:: DATASET ENTRIES ::

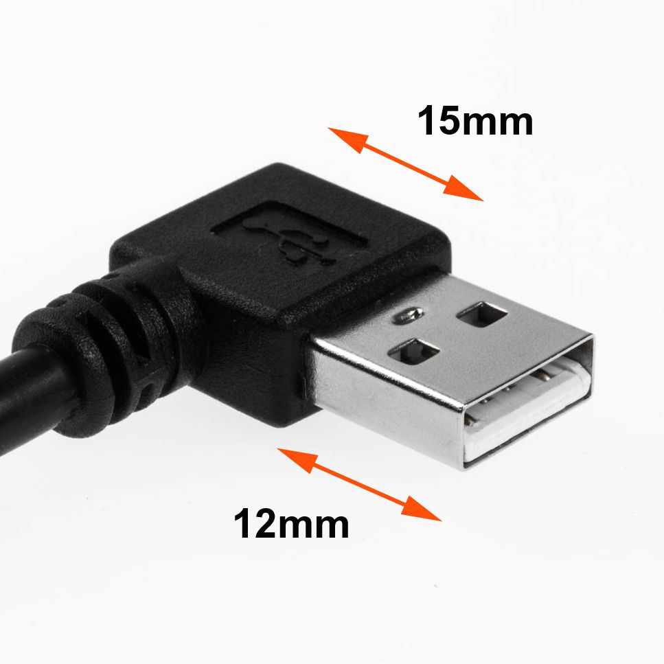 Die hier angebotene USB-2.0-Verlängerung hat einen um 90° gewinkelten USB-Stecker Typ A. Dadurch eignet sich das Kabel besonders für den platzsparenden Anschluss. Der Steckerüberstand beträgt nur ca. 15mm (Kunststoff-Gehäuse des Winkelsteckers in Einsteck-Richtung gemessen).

:::
:: DATASET ENTRIES ::

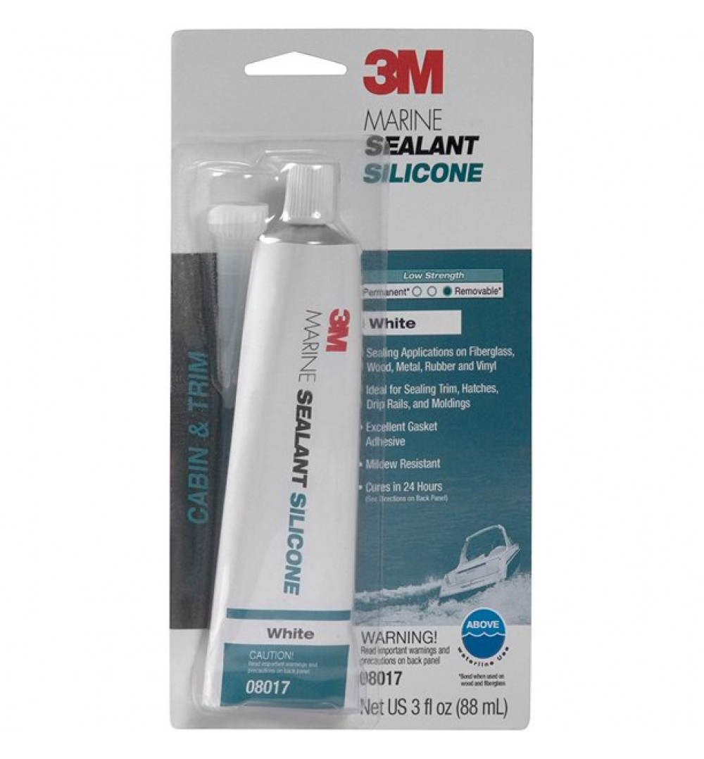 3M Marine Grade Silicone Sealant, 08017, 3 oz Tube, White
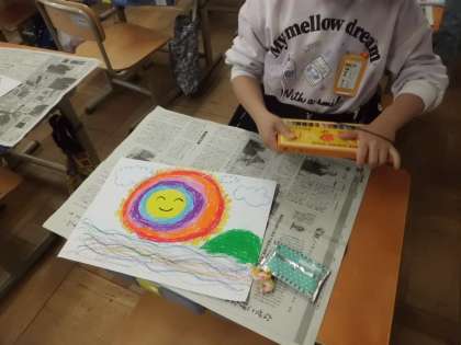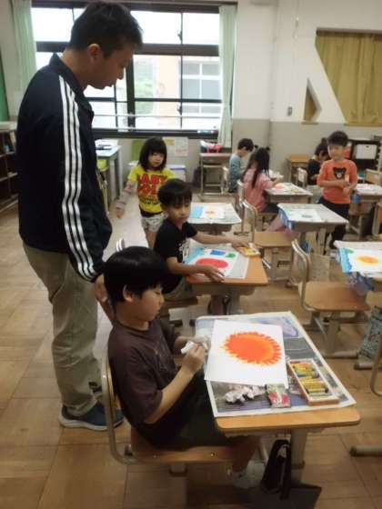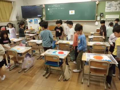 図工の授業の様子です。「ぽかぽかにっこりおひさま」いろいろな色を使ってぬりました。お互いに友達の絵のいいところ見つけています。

:::
:: DATASET ENTRIES ::

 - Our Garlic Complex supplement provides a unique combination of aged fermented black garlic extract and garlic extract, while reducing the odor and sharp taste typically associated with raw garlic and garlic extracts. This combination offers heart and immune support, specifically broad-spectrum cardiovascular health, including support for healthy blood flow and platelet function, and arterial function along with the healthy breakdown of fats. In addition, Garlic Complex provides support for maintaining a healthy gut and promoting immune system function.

:::

■ **TASK TO COMPLETE**: Using the entries above, transcribe every line from the line containing "3M Marine Grade" through the line containing "図工の授業の様子です。「ぽか". Do not copy pictures.

■ **ANSWER TO THE EXERCISE**:
 3M Marine Grade Silicone Sealant, 08017, 3 oz Tube, White
 図工の授業の様子です。「ぽかぽかにっこりおひさま」いろいろな色を使ってぬりました。お互いに友達の絵のいいところ見つけています。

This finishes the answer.